▸ **DATA SHOWN**
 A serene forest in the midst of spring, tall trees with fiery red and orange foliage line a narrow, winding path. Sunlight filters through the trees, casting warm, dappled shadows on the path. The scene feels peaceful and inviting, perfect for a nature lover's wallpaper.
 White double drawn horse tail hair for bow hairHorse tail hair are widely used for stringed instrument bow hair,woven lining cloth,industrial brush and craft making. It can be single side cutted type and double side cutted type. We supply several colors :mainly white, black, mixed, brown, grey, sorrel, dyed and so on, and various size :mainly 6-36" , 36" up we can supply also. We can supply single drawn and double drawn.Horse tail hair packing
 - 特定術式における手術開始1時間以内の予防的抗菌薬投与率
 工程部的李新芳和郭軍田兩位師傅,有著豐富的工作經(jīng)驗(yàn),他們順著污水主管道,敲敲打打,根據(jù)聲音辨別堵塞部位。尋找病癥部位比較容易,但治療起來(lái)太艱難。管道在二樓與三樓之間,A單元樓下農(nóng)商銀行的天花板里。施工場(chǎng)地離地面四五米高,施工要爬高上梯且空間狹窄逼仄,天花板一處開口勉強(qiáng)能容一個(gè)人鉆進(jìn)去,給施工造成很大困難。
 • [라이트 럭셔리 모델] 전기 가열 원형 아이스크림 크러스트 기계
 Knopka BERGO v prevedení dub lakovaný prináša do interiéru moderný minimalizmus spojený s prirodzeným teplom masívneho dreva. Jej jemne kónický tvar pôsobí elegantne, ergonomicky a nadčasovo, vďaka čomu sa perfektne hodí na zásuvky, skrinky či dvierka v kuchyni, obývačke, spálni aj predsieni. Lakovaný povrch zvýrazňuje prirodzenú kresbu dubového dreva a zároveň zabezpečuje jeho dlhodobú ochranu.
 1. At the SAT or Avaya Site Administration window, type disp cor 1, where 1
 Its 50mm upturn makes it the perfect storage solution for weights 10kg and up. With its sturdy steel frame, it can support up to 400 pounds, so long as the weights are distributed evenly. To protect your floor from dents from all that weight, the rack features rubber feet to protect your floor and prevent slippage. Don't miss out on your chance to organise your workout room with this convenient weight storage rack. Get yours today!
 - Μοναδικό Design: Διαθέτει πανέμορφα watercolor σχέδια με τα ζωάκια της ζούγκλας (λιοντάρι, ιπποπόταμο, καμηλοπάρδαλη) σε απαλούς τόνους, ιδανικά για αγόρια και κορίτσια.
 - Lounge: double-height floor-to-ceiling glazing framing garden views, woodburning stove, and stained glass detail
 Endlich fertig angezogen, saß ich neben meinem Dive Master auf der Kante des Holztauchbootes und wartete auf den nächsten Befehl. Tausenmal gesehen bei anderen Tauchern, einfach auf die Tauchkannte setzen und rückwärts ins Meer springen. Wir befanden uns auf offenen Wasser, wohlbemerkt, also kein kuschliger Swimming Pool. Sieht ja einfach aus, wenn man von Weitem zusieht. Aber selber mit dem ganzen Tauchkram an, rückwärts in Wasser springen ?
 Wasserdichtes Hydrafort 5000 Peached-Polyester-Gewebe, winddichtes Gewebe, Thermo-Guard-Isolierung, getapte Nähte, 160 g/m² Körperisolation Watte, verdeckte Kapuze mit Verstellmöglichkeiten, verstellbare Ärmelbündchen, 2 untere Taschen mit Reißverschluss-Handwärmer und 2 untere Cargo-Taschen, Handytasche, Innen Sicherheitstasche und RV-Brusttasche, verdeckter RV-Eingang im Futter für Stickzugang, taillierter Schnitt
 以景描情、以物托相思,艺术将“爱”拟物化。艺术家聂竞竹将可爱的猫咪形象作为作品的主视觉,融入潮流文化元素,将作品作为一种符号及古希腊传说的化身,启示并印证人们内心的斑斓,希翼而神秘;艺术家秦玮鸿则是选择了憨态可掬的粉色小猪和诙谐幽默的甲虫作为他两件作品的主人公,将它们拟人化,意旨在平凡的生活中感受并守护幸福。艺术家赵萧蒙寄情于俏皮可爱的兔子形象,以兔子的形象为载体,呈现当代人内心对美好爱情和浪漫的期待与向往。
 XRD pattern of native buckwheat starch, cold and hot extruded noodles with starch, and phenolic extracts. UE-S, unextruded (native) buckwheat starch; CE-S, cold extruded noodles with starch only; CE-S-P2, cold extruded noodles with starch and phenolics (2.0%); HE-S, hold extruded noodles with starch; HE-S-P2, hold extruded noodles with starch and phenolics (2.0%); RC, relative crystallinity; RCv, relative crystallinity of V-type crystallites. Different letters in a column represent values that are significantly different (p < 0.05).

▸ **TASK GOAL**
Where the word "double" shows up in a line of the entries above, copy that line.

▸ **ANSWER BOX**
 White double drawn horse tail hair for bow hairHorse tail hair are widely used for stringed instrument bow hair,woven lining cloth,industrial brush and craft making. It can be single side cutted type and double side cutted type. We supply several colors :mainly white, black, mixed, brown, grey, sorrel, dyed and so on, and various size :mainly 6-36" , 36" up we can supply also. We can supply single drawn and double drawn.Horse tail hair packing
 - Lounge: double-height floor-to-ceiling glazing framing garden views, woodburning stove, and stained glass detail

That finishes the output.